C# strings are always Unicode (UTF-16) so if you can load the text without issue it is already Unicode. If you aren't getting the text you expect then you need to look into encodings and how you are reading the text.
Based on Unicode subscripts and superscripts superscripts aren't in a continuous block which makes them difficult to detect. The easiest way to see if you have a superscript it therefore to use a switch statement.
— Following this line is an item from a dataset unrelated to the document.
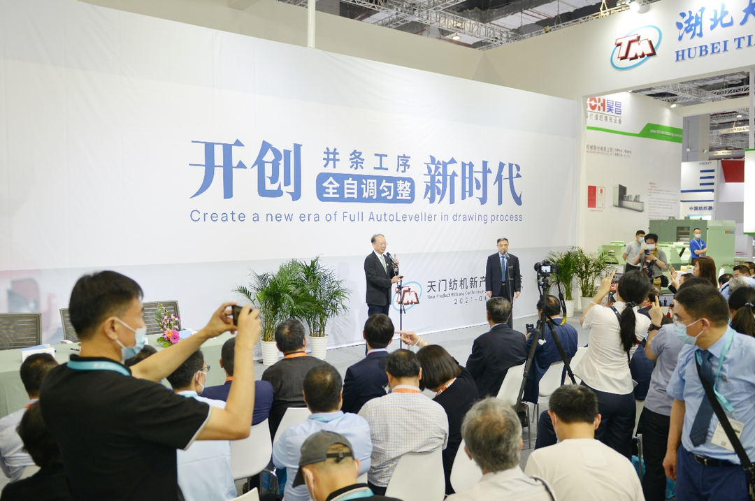 6月12日,天門紡機在上海的中國國際紡織機械展覽會暨ITMA亞洲展覽會上,舉行“開創并條工序全自調勻整新時代”新品發布會,自主研發的全球首款超大卷裝帶自調勻整并條機TM19、運用USG3系統及多項專利技術的并條機TM15、帶全伺服控制的多功能TM65型細紗機首發上市。

static bool IsSuperscript(char c)
{
switch(c)
{
case '⁰':
case '¹':
case '²':
case '³':
case '⁴':
case '⁵':
case '⁶':
case '⁷':
case '⁸':
case '⁹':
return true;
default:
return false;
}
}
Then to see if a string contains only superscript characters you just need to loop through it.
static bool IsSuperscript(string s)
{
foreach(var c in s)
{
if(!IsSuperscript(c))
{
return false;
}
}
return true;
}
If you want to convert a superscript character into a normal number character you can use a similar switch statement.
static bool TryNormalizeSuperscript(char superC, out char c)
{
bool result = true;
switch (superC)
{
case '⁰':
c = '0';
break;
case '¹':
c = '1';
break;
case '²':
c = '2';
break;
case '³':
c = '3';
break;
case '⁴':
c = '4';
break;
case '⁵':
c = '5';
break;
case '⁶':
c = '6';
break;
case '⁷':
c = '7';
break;
case '⁸':
c = '8';
break;
case '⁹':
c = '9';
break;
default:
c = '\0';
result = false;
break;
}
return result;
}
and loop
static string NormalizeSuperscript(string s)
{
var sb = new StringBuilder();
foreach (var superC in s)
{
if(TryNormalizeSuperscript(superC, out char c))
{
sb.Append(c);
}
else
{
break;
}
}
return sb.ToString();
}
Note that this loop stops at the first non-superscript character it finds. Depending on your use case that may need to change.
Example usage:
static void Main(string[] args)
{
Console.OutputEncoding = System.Text.Encoding.Unicode;
var superscripts = "⁰ ¹ ² ³ ⁴ ⁵ ⁶ ⁷ ⁸ ⁹ ¹⁰ ¹¹ ¹² ¹³ ¹⁴ ¹⁵ ¹⁶ 17 18 19 XX XXI XXII XXIII XXIV";
foreach(var superscript in superscripts.Split(' '))
{
Console.WriteLine($"{superscript} ({IsSuperscript(superscript)}) -> {NormalizeSuperscript(superscript)}");
}
}
Outputs:
⁰ (True) -> 0 ¹ (True) -> 1 ² (True) -> 2 ³ (True) -> 3 ⁴ (True) -> 4
⁵ (True) -> 5 ⁶ (True) -> 6 ⁷ (True) -> 7 ⁸ (True) -> 8 ⁹ (True) -> 9
¹⁰ (True) -> 10 ¹¹ (True) -> 11 ¹² (True) -> 12 ¹³ (True) -> 13 ¹⁴
(True) -> 14 ¹⁵ (True) -> 15 ¹⁶ (True) -> 16 17 (False) -> 18 (False)
-> 19 (False) -> XX (False) -> XXI (False) -> XXII (False) -> XXIII (False) -> XXIV (False) ->
Note that the Console.OutputEncoding = System.Text.Encoding.Unicode;
is required to get the console to show the correct characters. I also had to play with console fonts to get things to display correctly.